# Door flaps...



## Muddy Creek Farm (Oct 5, 2007)

We made these so that the wind is blocked but the goats can get in and out. I love them, they really really help.


----------



## enjoytheride (Oct 5, 2007)

Good for keeping flies out too but what material did you use? I can'tthink of anything my girls wouldn't chew into pieces.


----------



## Muddy Creek Farm (Oct 5, 2007)

I really did think they would chew it, but they haven't. My goats don't chew at all... I just used some rubber-like stuff from lowes, I bought a few feet. It was really cheap and has done a great job so far.


----------



## Rachel K (Jan 7, 2008)

Great idea. :thumb:


----------



## FarmGirl18 (Oct 5, 2007)

Neat idea Chelsey! :thumbup: I like it!


----------



## fritzie (Oct 6, 2007)

great idea. thanks. i have had tarps up this winter but between the goats & the dogs they tear them into shreds.


----------



## jBlaze (Oct 9, 2007)

How did you ever find goats that don't chew!!!??? 
I would love to do something like that, but would hate to see it in a week, lol.


----------



## Muddy Creek Farm (Oct 5, 2007)

I have no idea! They don't chew a bit! :leap:


----------



## jBlaze (Oct 9, 2007)

Are you sure they are really goats? lol  jk


----------



## Muddy Creek Farm (Oct 5, 2007)

You know, they aren't goats. They are angels :angel:


----------



## goat fever (Oct 18, 2007)

I did the same thing on my goat shed. It does really help keep the wind and snow out. I didn't cut any strips in my though. The goats just push on it and in they go. My goats must be angels too, they don't chew on it either. But mine will steal $ 5.00 out of your pockets and eat that. Go figure.


----------



## goat fever (Oct 18, 2007)

I forgot the add the material we use was just an old black tarp. Nothing special.


----------



## StaceyRosado (Oct 5, 2007)

rubber is pretty hard and doesn't taste good so maybe that helps :shrug: 

I've tried plastic (some really tough stuff not even sure what it usally is used for) and mine started to eat it!
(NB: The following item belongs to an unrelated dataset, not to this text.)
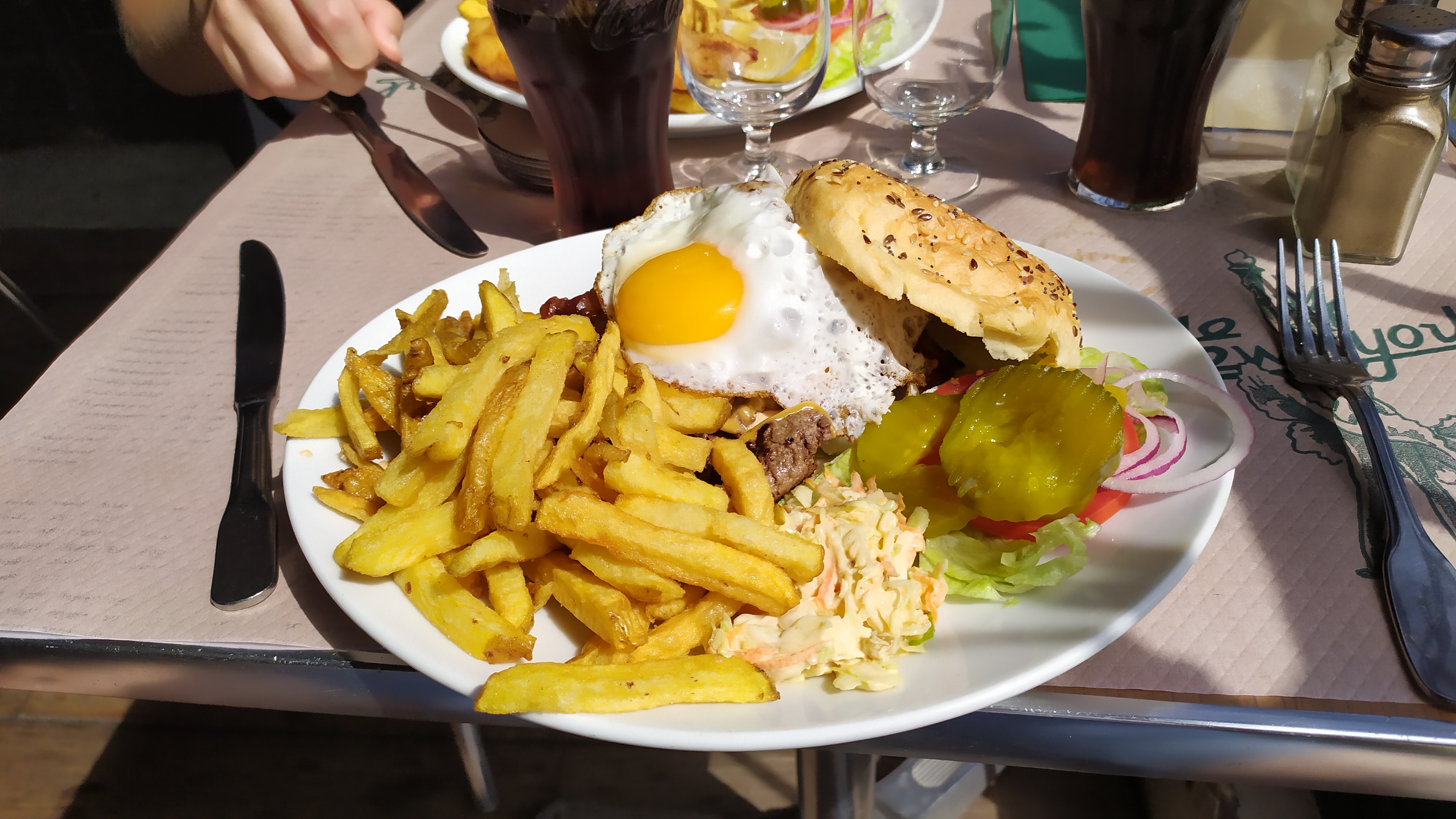 J'adore ce resto bien placé juste en face de l'église St Antoine de Padoue nous avons commandé le burger spécial New York mais le hic les frites sentaient le poisson une vieille huile sûrement pas renouvelée pour une fois déception dans l'assiette dommage !

So down it went.

I like the rubber idea though, hmmmm will have to remember that


----------



## kids-n-peeps (Aug 24, 2009)

MuddyCreekFarm . . . 

I was in Lowes and Home Depot this past weekend and couldn't find anything that looked like the material you used for your door flap . . . if you could provide any more details, that would be wonderful! (i.e. was it on a roll and you had it cut, was it in the flooring section, etc.).


----------



## ProctorHillFarm (May 15, 2008)

My husband runs an excavation and landscaping supply company and probably about two years ago he brought some rubber "pond liner" home- and thats exactly what we did with it! We hung it over the small doors- and even a 10x10 run in, it really makes a huge difference.
We kept ours in solid flaps sort of like a regular dog door- it only takes them about 5 minutes to figure out they can push it open and come and go.


----------



## kids-n-peeps (Aug 24, 2009)

Thanks PHF. We recently built a little run-in on to the back of an existing structure. We made it taller than our other run-in to make it easier for us to get in to clean, add minerals, etc. However, with the cold snap we had last week, I quickly realized how much colder it was than our more-enclosed run in. I am hoping that this will be a good solution during the winter months, provided they don't decide it's tasty.


----------



## ProctorHillFarm (May 15, 2008)

we havent had any of ours eat it either- here is a picture of one of our small doors to the barn
its .45 mil thickness- so pretty heavy duty stuff, not sure if it needs to be that heavy though!


----------



## harmonygoats (Nov 20, 2007)

We have used old race car tires. They are super wide and no steel in them. Just cut them open and cut strips, we've had one up for 5 years now.


----------



## AlaskaBoers (May 7, 2008)

i use xl gunny sacks, they dont chew on them, and are light. but... mine freeze when it gets -20 or so. or well..we also use this for the pigs.


----------



## sweetgoats (Oct 18, 2007)

I don't know how I missed this back when it started. Chelsey, that is a great idea. I love it.

As for you all that have goats that chew things, I have to say I have never had a goat chew anything. THANK THE LORD.


----------